»»
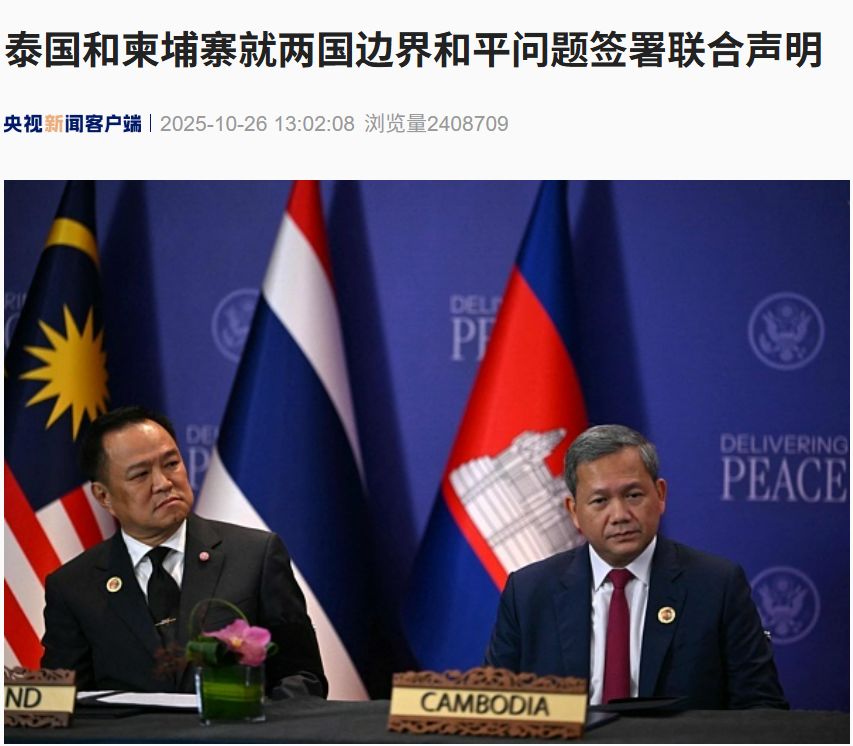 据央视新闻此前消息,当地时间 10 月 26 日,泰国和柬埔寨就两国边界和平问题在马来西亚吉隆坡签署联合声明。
««
»»
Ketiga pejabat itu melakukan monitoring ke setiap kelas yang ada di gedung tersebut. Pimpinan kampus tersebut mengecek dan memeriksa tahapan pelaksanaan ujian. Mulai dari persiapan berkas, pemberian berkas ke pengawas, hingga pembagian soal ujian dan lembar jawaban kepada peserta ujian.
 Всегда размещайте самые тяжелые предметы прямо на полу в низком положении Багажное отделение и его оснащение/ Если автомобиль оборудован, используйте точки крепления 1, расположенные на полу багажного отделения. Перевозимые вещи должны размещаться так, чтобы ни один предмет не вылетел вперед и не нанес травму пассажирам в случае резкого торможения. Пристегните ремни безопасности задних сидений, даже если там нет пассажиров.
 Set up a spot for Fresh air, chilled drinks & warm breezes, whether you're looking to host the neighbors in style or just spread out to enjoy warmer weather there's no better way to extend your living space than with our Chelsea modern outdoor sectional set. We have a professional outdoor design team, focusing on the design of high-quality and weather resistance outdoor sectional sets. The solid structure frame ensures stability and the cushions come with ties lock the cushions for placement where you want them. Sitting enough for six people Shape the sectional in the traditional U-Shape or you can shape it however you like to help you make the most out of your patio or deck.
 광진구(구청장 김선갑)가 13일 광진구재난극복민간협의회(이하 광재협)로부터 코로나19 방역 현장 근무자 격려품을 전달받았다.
««
**EXERCISE GOAL:** Your answer must be the lines above from the one containing "Set up a spot" to the one containing "광진구(구청장 김선갑)가 13일", both included, restated word for word.

**TASK SOLUTION:**
 Set up a spot for Fresh air, chilled drinks & warm breezes, whether you're looking to host the neighbors in style or just spread out to enjoy warmer weather there's no better way to extend your living space than with our Chelsea modern outdoor sectional set. We have a professional outdoor design team, focusing on the design of high-quality and weather resistance outdoor sectional sets. The solid structure frame ensures stability and the cushions come with ties lock the cushions for placement where you want them. Sitting enough for six people Shape the sectional in the traditional U-Shape or you can shape it however you like to help you make the most out of your patio or deck.
 광진구(구청장 김선갑)가 13일 광진구재난극복민간협의회(이하 광재협)로부터 코로나19 방역 현장 근무자 격려품을 전달받았다.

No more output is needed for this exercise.